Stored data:
☆ ☆ ☆ ☆ ☆

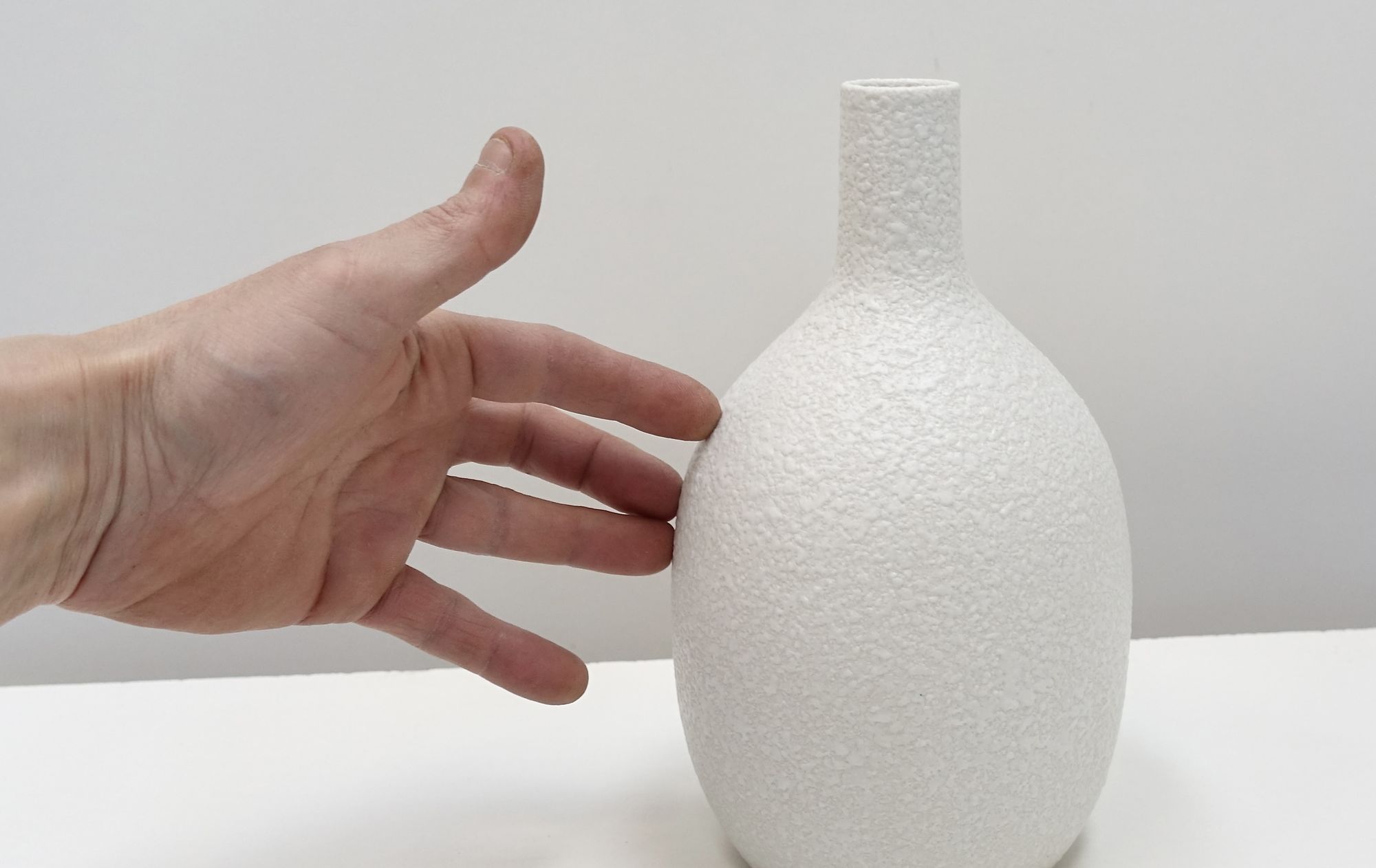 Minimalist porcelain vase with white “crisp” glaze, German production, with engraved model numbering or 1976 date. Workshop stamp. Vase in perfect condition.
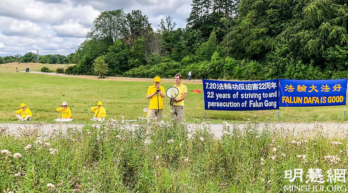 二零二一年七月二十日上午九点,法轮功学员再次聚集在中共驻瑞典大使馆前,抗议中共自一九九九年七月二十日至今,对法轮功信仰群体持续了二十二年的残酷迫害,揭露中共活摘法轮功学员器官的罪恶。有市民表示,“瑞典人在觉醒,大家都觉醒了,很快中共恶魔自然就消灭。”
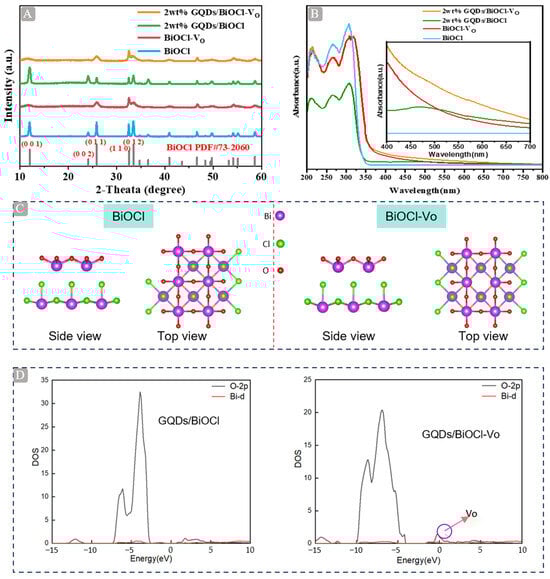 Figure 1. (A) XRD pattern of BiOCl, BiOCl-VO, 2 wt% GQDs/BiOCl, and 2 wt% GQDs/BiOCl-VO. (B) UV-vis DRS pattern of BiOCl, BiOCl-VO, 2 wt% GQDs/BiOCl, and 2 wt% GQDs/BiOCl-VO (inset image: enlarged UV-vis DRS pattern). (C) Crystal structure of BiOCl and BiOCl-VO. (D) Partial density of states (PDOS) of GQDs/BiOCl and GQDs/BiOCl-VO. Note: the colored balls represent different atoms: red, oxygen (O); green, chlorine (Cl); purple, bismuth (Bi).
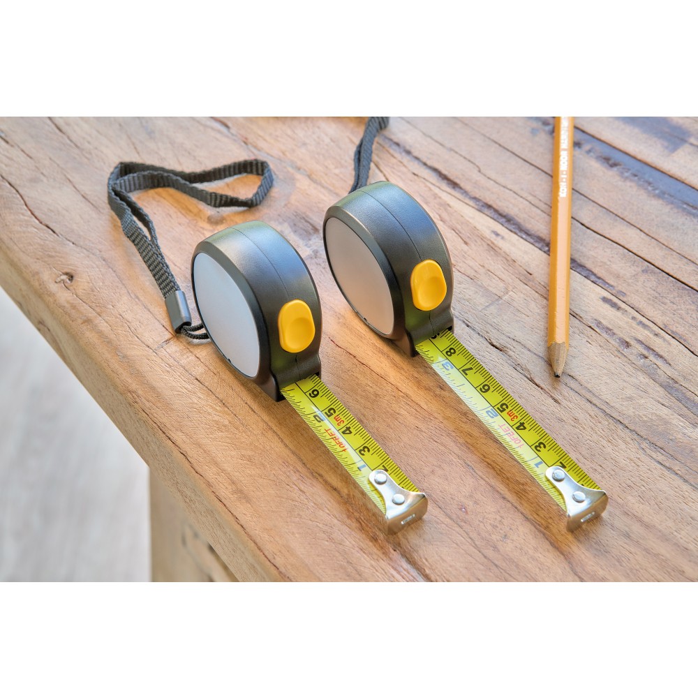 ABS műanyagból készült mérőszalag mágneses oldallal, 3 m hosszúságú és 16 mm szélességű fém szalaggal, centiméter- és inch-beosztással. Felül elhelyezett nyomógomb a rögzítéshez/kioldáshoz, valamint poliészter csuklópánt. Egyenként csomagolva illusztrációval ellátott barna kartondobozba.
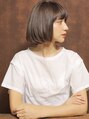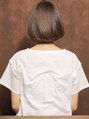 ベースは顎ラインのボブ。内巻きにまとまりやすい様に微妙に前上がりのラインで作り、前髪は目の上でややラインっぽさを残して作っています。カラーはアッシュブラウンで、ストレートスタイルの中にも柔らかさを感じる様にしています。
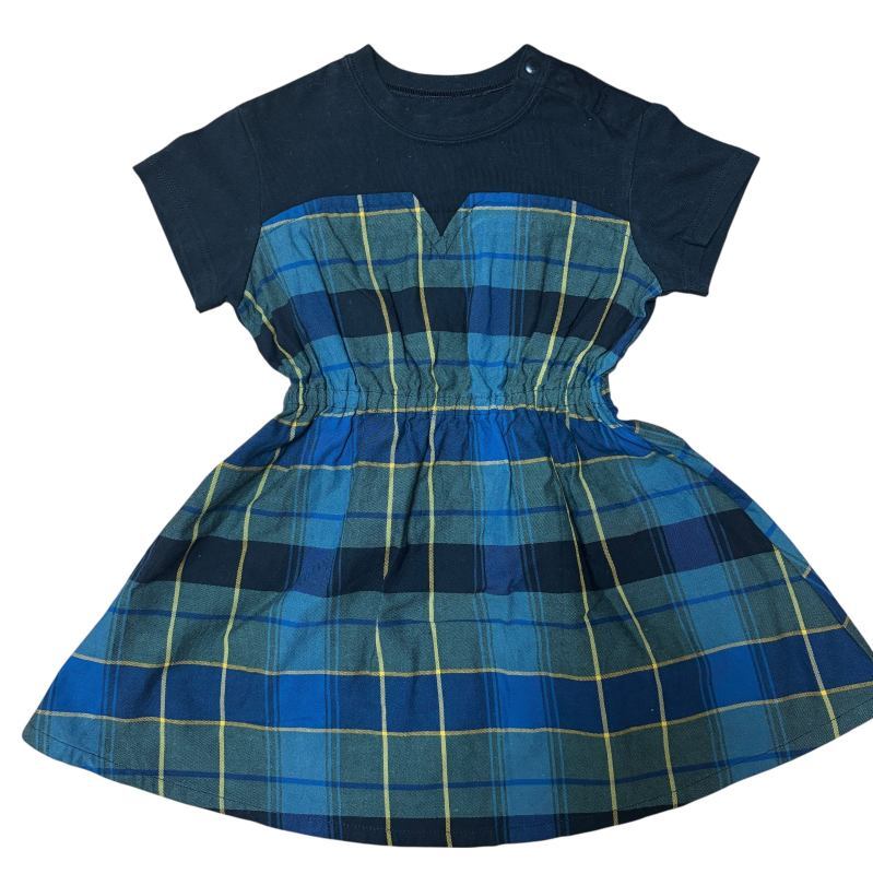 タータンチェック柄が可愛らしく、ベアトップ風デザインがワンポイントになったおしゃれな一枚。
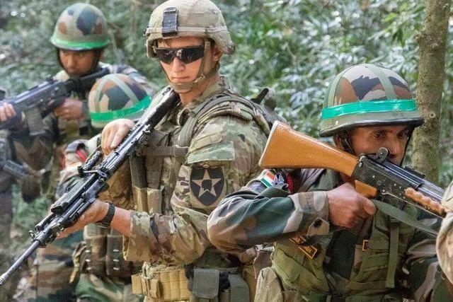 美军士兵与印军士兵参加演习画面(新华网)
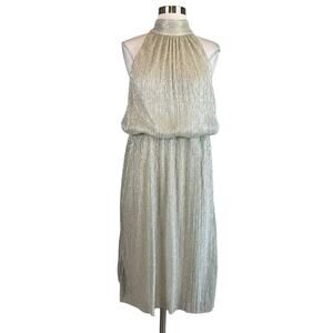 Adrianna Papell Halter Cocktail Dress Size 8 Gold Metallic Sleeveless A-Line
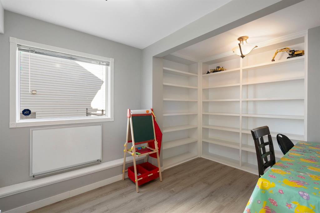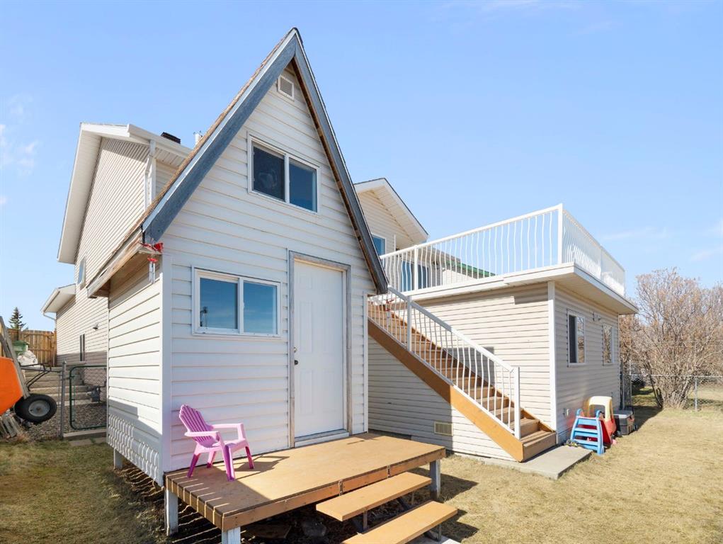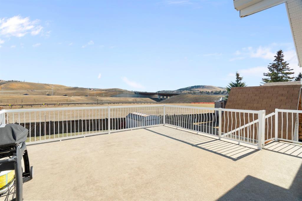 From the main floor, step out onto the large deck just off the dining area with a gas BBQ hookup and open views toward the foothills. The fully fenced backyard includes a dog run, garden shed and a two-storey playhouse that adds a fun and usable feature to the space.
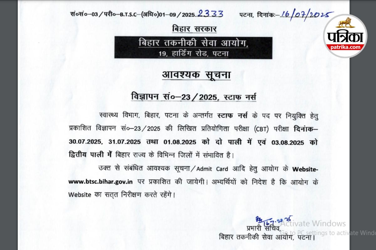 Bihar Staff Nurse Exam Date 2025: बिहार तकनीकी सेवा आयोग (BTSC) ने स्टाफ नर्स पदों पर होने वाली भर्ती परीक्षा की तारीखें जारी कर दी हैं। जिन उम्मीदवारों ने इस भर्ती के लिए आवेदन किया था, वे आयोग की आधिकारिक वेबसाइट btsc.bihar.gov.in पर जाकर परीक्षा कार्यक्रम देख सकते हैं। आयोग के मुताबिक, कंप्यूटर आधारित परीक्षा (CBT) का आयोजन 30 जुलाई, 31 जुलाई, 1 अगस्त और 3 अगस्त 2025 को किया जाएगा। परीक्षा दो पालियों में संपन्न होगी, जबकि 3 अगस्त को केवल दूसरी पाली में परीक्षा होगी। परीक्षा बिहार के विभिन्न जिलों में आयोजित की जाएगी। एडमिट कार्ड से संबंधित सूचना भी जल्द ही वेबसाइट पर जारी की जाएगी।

☆ ☆ ☆ ☆ ☆

TASK GOAL :: Copy every entry word for word, but omit the pictures.

YOUR RESPONSE ::
 Minimalist porcelain vase with white “crisp” glaze, German production, with engraved model numbering or 1976 date. Workshop stamp. Vase in perfect condition.
 二零二一年七月二十日上午九点,法轮功学员再次聚集在中共驻瑞典大使馆前,抗议中共自一九九九年七月二十日至今,对法轮功信仰群体持续了二十二年的残酷迫害,揭露中共活摘法轮功学员器官的罪恶。有市民表示,“瑞典人在觉醒,大家都觉醒了,很快中共恶魔自然就消灭。”
 Figure 1. (A) XRD pattern of BiOCl, BiOCl-VO, 2 wt% GQDs/BiOCl, and 2 wt% GQDs/BiOCl-VO. (B) UV-vis DRS pattern of BiOCl, BiOCl-VO, 2 wt% GQDs/BiOCl, and 2 wt% GQDs/BiOCl-VO (inset image: enlarged UV-vis DRS pattern). (C) Crystal structure of BiOCl and BiOCl-VO. (D) Partial density of states (PDOS) of GQDs/BiOCl and GQDs/BiOCl-VO. Note: the colored balls represent different atoms: red, oxygen (O); green, chlorine (Cl); purple, bismuth (Bi).
 ABS műanyagból készült mérőszalag mágneses oldallal, 3 m hosszúságú és 16 mm szélességű fém szalaggal, centiméter- és inch-beosztással. Felül elhelyezett nyomógomb a rögzítéshez/kioldáshoz, valamint poliészter csuklópánt. Egyenként csomagolva illusztrációval ellátott barna kartondobozba.
 ベースは顎ラインのボブ。内巻きにまとまりやすい様に微妙に前上がりのラインで作り、前髪は目の上でややラインっぽさを残して作っています。カラーはアッシュブラウンで、ストレートスタイルの中にも柔らかさを感じる様にしています。
 タータンチェック柄が可愛らしく、ベアトップ風デザインがワンポイントになったおしゃれな一枚。
 美军士兵与印军士兵参加演习画面(新华网)
 Adrianna Papell Halter Cocktail Dress Size 8 Gold Metallic Sleeveless A-Line
 From the main floor, step out onto the large deck just off the dining area with a gas BBQ hookup and open views toward the foothills. The fully fenced backyard includes a dog run, garden shed and a two-storey playhouse that adds a fun and usable feature to the space.
 Bihar Staff Nurse Exam Date 2025: बिहार तकनीकी सेवा आयोग (BTSC) ने स्टाफ नर्स पदों पर होने वाली भर्ती परीक्षा की तारीखें जारी कर दी हैं। जिन उम्मीदवारों ने इस भर्ती के लिए आवेदन किया था, वे आयोग की आधिकारिक वेबसाइट btsc.bihar.gov.in पर जाकर परीक्षा कार्यक्रम देख सकते हैं। आयोग के मुताबिक, कंप्यूटर आधारित परीक्षा (CBT) का आयोजन 30 जुलाई, 31 जुलाई, 1 अगस्त और 3 अगस्त 2025 को किया जाएगा। परीक्षा दो पालियों में संपन्न होगी, जबकि 3 अगस्त को केवल दूसरी पाली में परीक्षा होगी। परीक्षा बिहार के विभिन्न जिलों में आयोजित की जाएगी। एडमिट कार्ड से संबंधित सूचना भी जल्द ही वेबसाइट पर जारी की जाएगी।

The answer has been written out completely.